Am Stadt­fest-Sonntag-Nachmit­tag, 30. Juni 2002, verlor die Deutsche Natio­nal­elf das Weltmeis­ter­schafts­fi­na­le, das an zahlrei­chen öffent­li­chen Plätzen übertra­gen wurde. Wir vom Heimat­ver­ein hatten nicht damit gerech­net, dass sich zu der von uns langfris­tig auf diesen Termin festge­setz­ten Eröff­nung unserer 7. Sonder­aus­stel­lung, die im Rahmen des Stadt­fests quasi in Konkur­renz zum WM Finale lief zum Titel

Altes Alumi­ni­um Geschirr
150 Expona­te aus 25 Oberko­che­ner Häusern

im Heimatmuseum/Schillerhaus jemand einfin­den würde.
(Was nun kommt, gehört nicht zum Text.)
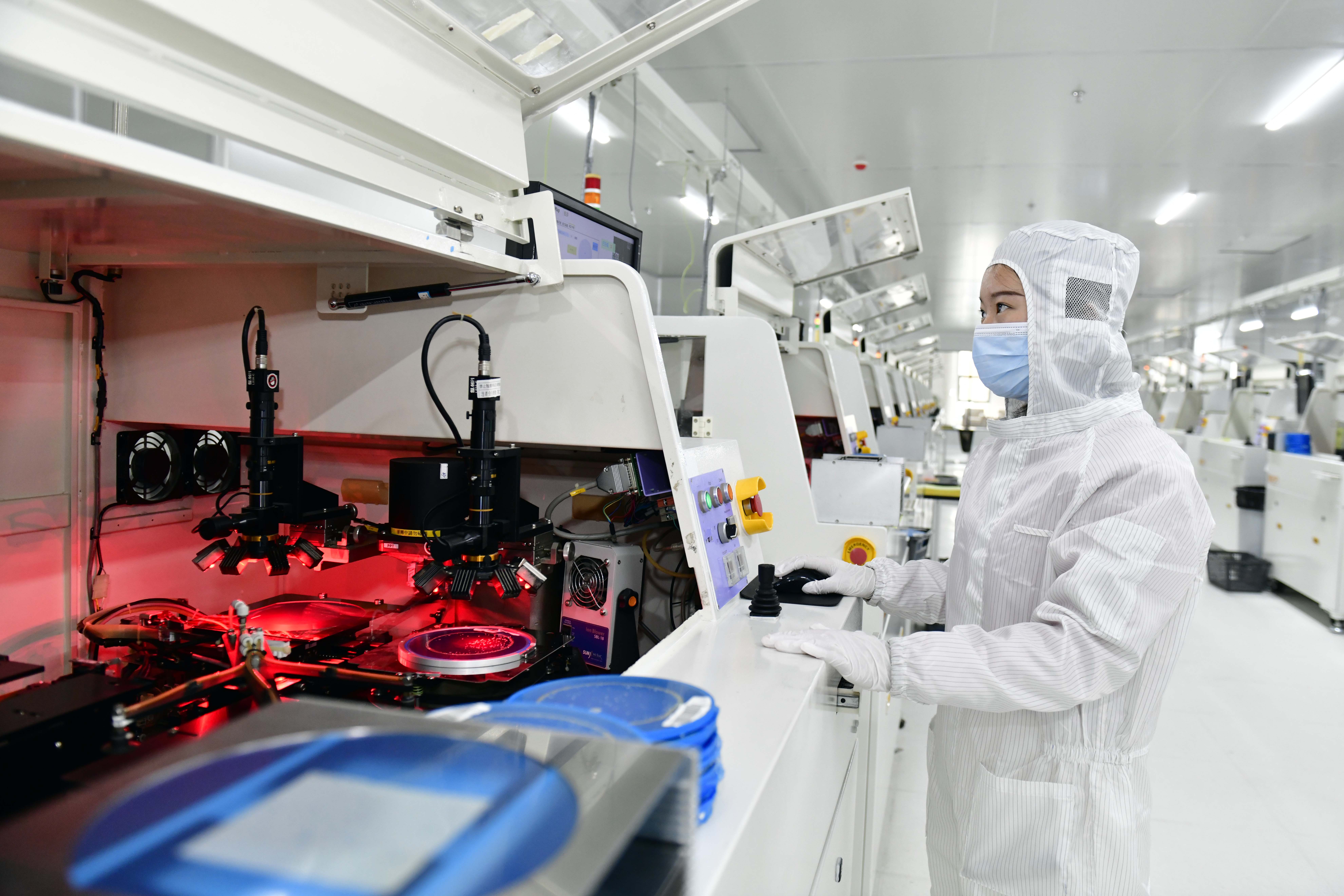 在山东省巨野县新一代信息技术产业园,工作人员在直显芯片生产设备前值守(2023年11月30日摄)。新华社记者 郭绪雷 摄
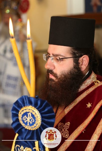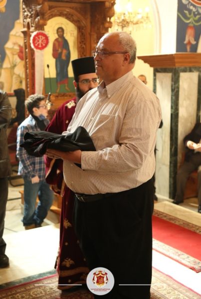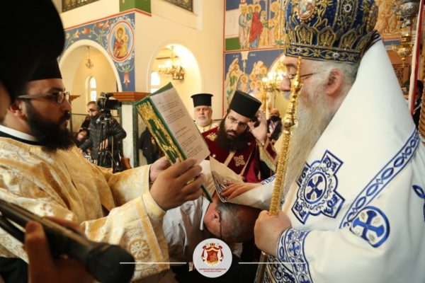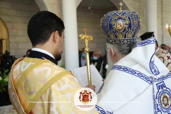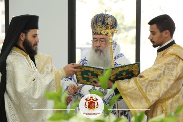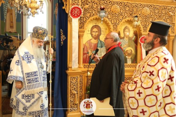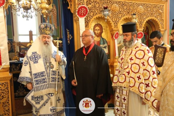 في الختام أقام سيادته خدمة السيامة للأخ منيف طعيمه بوضع اليد وتصييره مرتلاً على ذات الكنيسة، مانحاً إياه وسام القبر المقدس
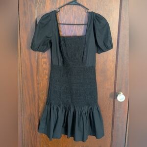 Zara Smocked Little Black Dress Puffer Sleeves Mermaid Fit Size Small
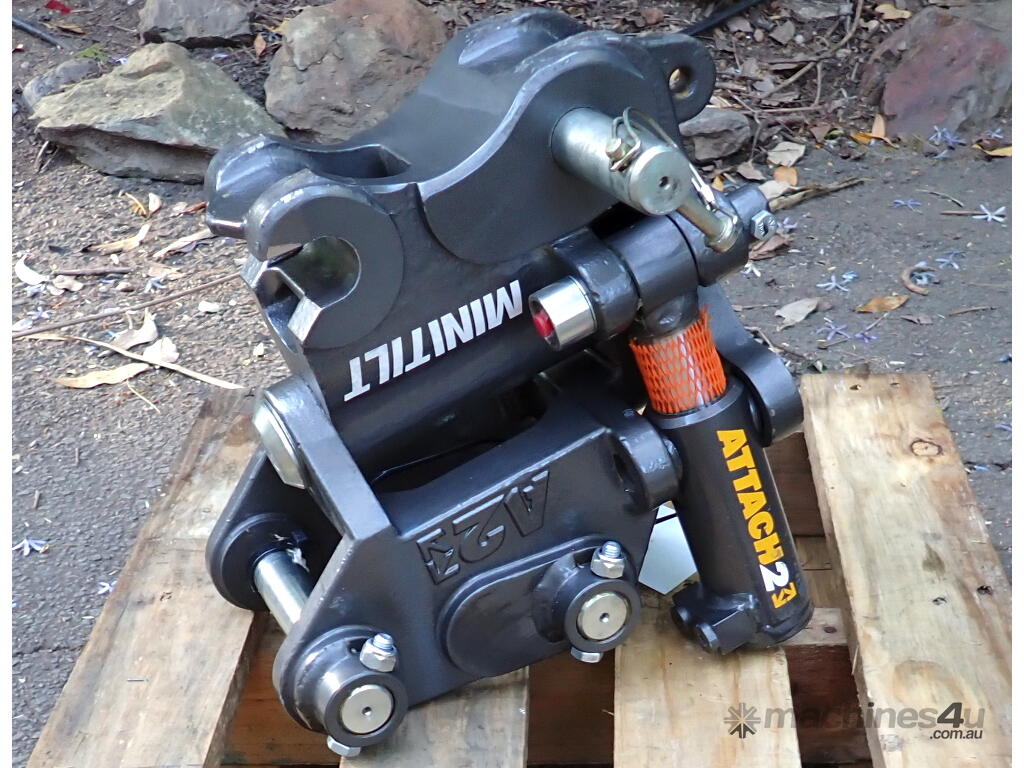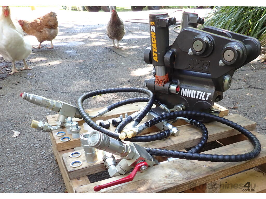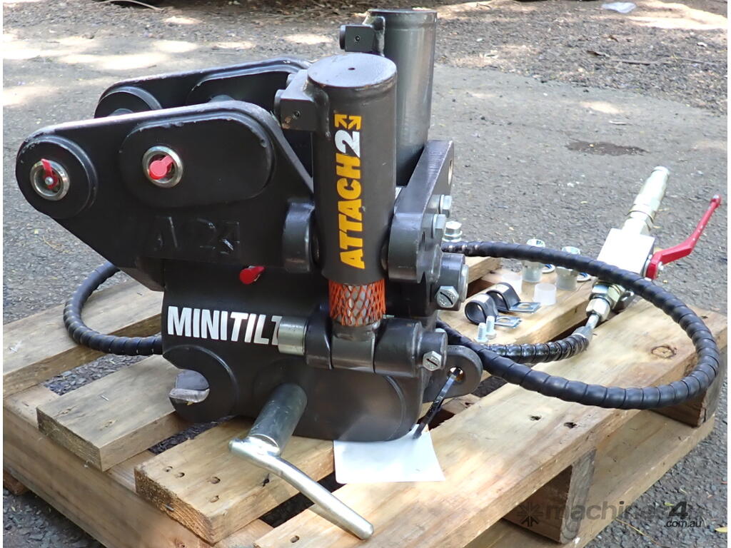 New Attach2 MiniTilt Excavator Hydraulic Titling Quick Hitch Coupling to suit 1-3 Ton machines, only uses 1 set of Hydraulic Lines.
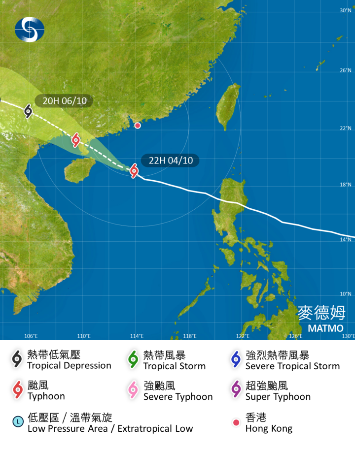 在晚上10時,颱風「麥德姆」集結在香港以南約360公里,即在北緯19.1度,東經113.9度附近,預料向西北偏西移動,時速約25公里,橫過南海北部。

Dennoch konnten wir 14 inter­es­sier­te Gäste und sogar den Bericht­erstat­ter der »Schwä­bi­schen Post« begrüßen.

Unser Ausschuss­mit­glied, StD i. R. Horst Riegel, hielt einen inter­es­san­ten Einfüh­rungs­vor­trag zum Thema »Alumi­ni­um«. Nun hat Herr Riegel in dankens­wer­ter Weise einen schrift­li­chen Beitrag für unsere heimat­kund­li­che Serie »Oberko­chen Geschich­te, Landschaft, Alltag« verfasst, den wir heute als Bericht 430 veröffentlichen.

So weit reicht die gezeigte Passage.